EXERCISE OBJECTIVE:
Write out every line of the material as it stands, apart from the pictures.

DATA SEGMENT:
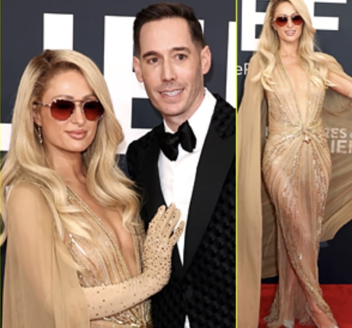 Paris escolheu um vestido Chrome Hearts com decote profundo e bordado dourado, complementado com luvas de ópera combinando, óculos de sol aviador e scarpins cristalizados. A herdeira usou suas madeixas loiras em ondas, enquanto sua apresentava um batom nude brilhante.
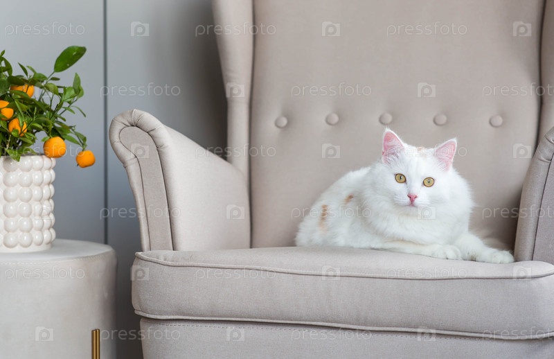 Молодой белый пушистый кот, сидящий на бежевом кресле в гостиной
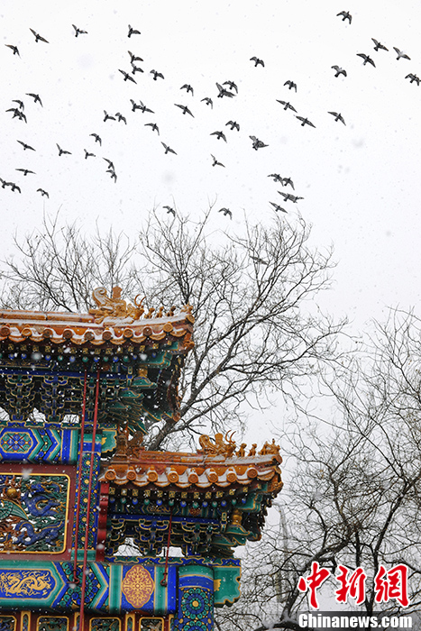 朱楼向晓帘开,六花片片飞来。中新网记者 李霈韵 摄
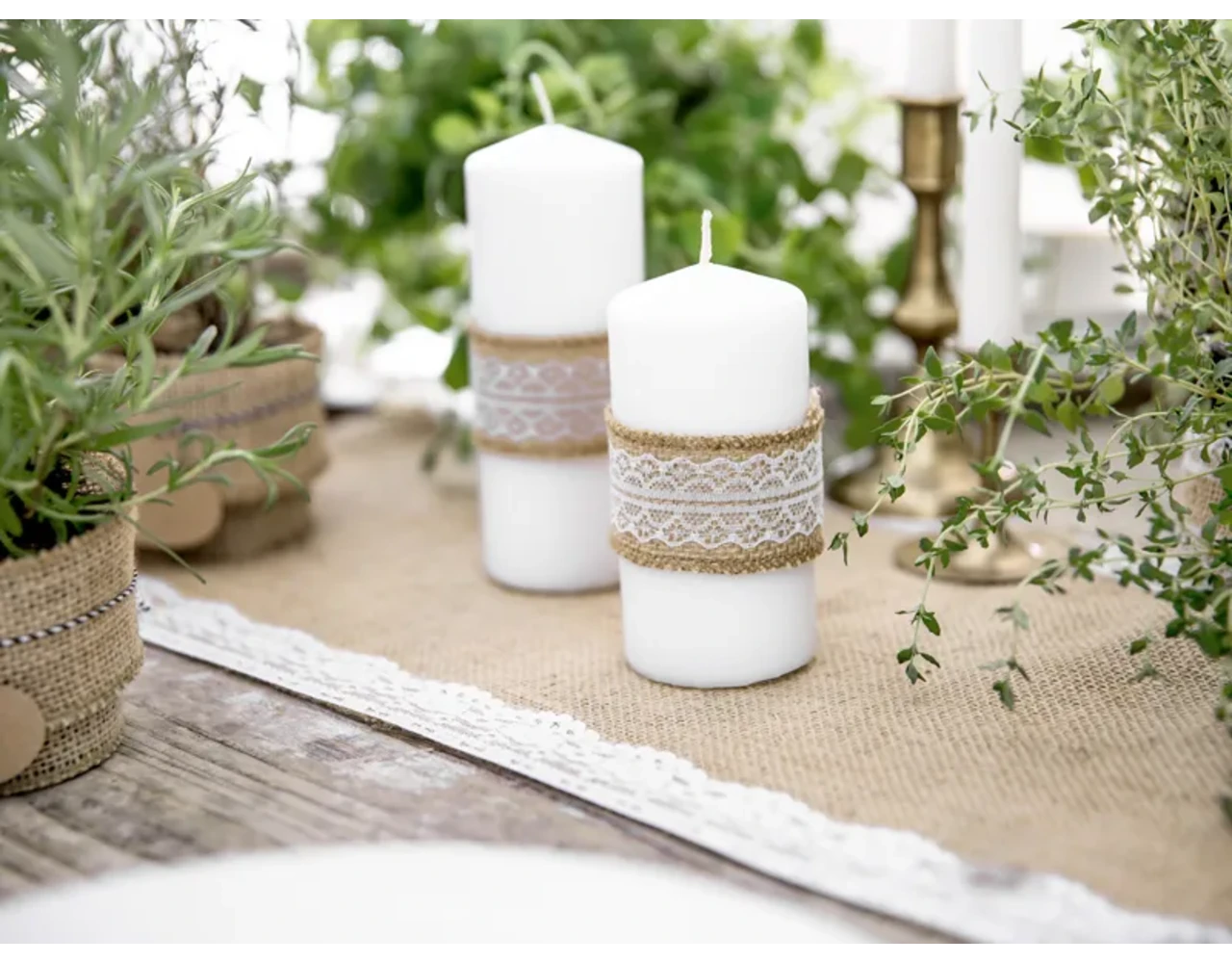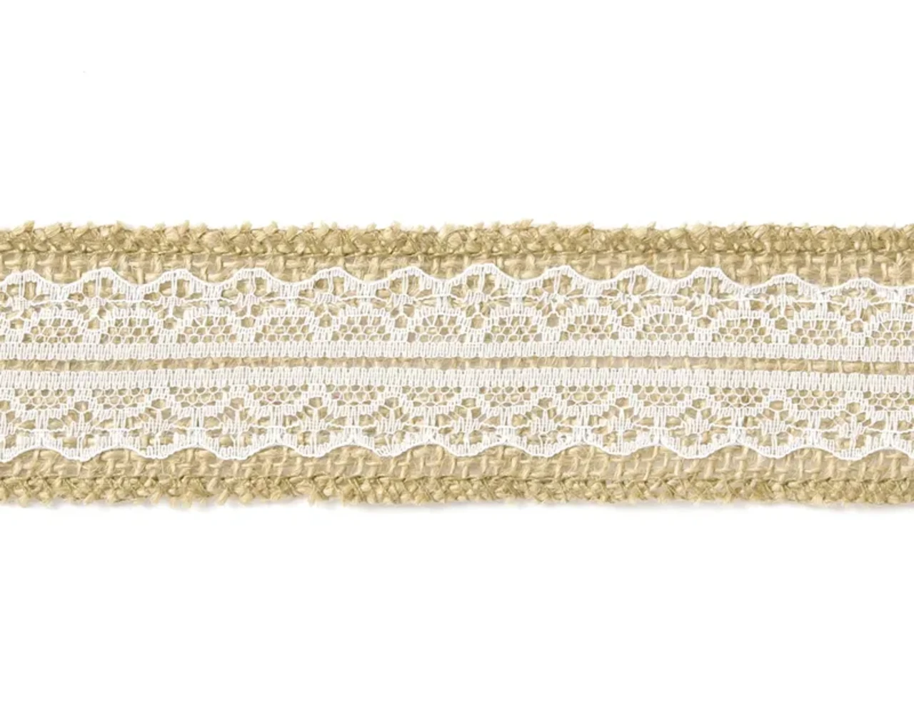 Jute band met witte kant, breedte ca. 4 cm, lengte ca. 5 m.

YOUR RESPONSE:
 Paris escolheu um vestido Chrome Hearts com decote profundo e bordado dourado, complementado com luvas de ópera combinando, óculos de sol aviador e scarpins cristalizados. A herdeira usou suas madeixas loiras em ondas, enquanto sua apresentava um batom nude brilhante.
 Молодой белый пушистый кот, сидящий на бежевом кресле в гостиной
 朱楼向晓帘开,六花片片飞来。中新网记者 李霈韵 摄
 Jute band met witte kant, breedte ca. 4 cm, lengte ca. 5 m.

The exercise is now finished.